When we visited Staś in 2008, he took us to the Warsaw Rising Museum. That’s
where we learned about the Polish Boy Scouts and Girl Guides’ involvement in
the event the Varsovians call “The Rising.” I told my husband, “The
middle-school students I teach in the U.S. need to hear how Polish youth were
willing to give up their lives to maintain democracy.” I decided the best way to
do that was to research the facts, place a fictional teen in the middle of the
real action, and add narrative drama to make this amazing past come to life.
The result was Underground Scouts.
When
writing fiction based on real characters, do you change names and details to
keep it strictly fictional, or do you include some real names and facts?
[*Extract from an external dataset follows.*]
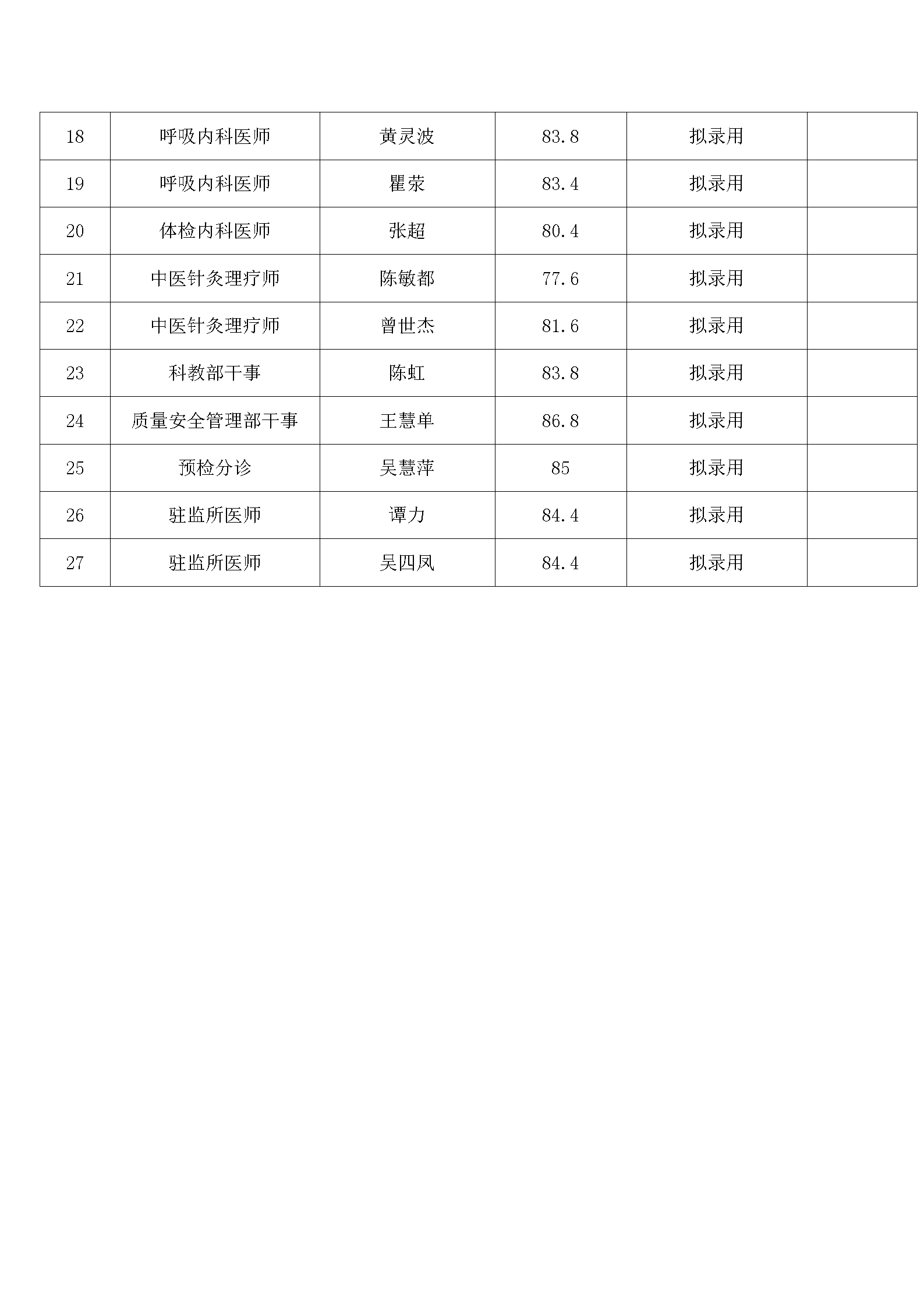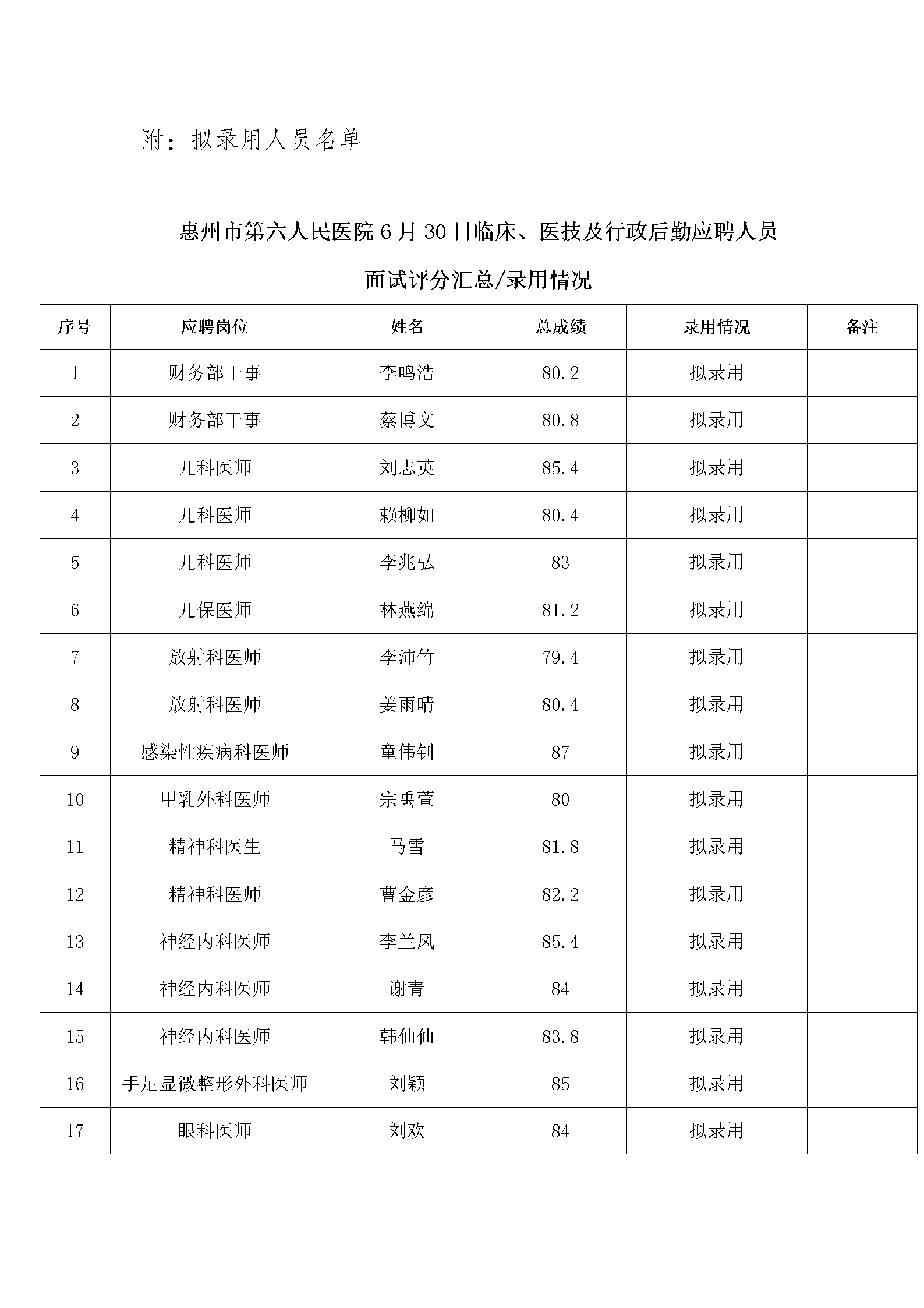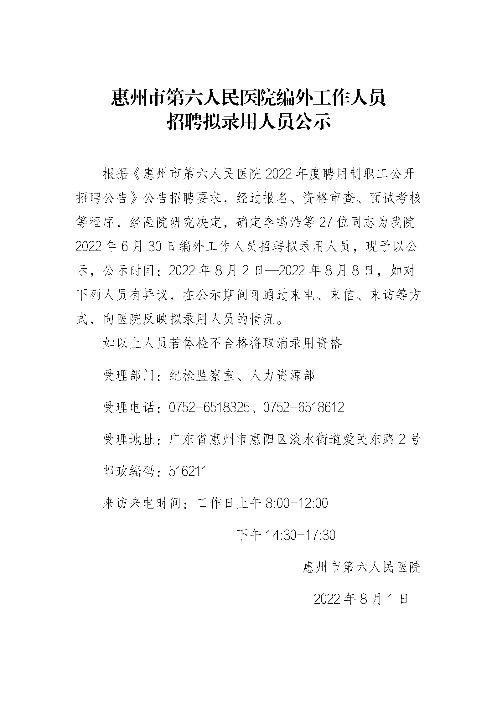 惠州市第六人民醫院編外工作人員招聘拟錄用人員公示

Since
I formerly taught social studies for fifteen years, I keep the details, names,
and facts as real as possible. I want readers to see history through my
fictional character’s eyes so they can draw their own conclusions if they spot
current-day applications from what happened in the past. The fictional
character gives me enough leverage to add drama, enabling the events to come to
life for the reader. It helps them experience what real people felt in those
situations. As I do in of most of my historical fiction books, in the back of
the book I include the names of the real characters and the fictional ones to
help the reader make the distinction. For Underground Scouts, I
also published their pictures on my website.
It sounds like Underground Scouts brings to life a very different time and place for American readers. What message do you hope people will take away from this book? During WWII, the Polish Boy Scouts and Girl Guides risked their lives in order to preserve their democratic nation and religious freedom. My 89-year-old friend Halina was a 12 -year-old member of the Girl Guides when the Germans invaded. She was 17 when she joined the Underground Army’s Zoshka Battalion. As Halina told me, “We were not heroes. We only did what we had to do.” Would American youth today be willing to do the same for their country? My hope is that after reading this book, their answer would be yes.
How do you weave faith and hope into the story? I weave faith and hope into the story through the Scouts’ symbol of the kotwica. This Polish word kotwica means “anchor” in English. You can see it as an “Easter Egg” on the cover. The Scouts combined two Polish words that meant “Fighting Polish”—Polish words that start with a P and a W, to foist psychological warfare on the Germans. They painted this symbol on buildings around Warsaw, risking their lives by going out after curfew. The signs served to put the Germans on notice that Scouts would strike somewhere, somehow, some time, and they wouldn’t see it coming. Halina mentioned she was one of the Scouts who did this.
Two fictional adult sisters in the story code-named Auntie L and Auntie M are Christians who work with the Underground in Warsaw. A few of the fictional Scouts I insert into the drama live with these older ladies as the Scouts carry out their secret acts of resistance and sabotage. The Scouts often see the women reading Scripture together in the morning.
During the third year of the occupation, a
seventeen-year-old Scout named Magdalena grows discouraged by the years of
deprivation and death. She wonders where God is in all of this.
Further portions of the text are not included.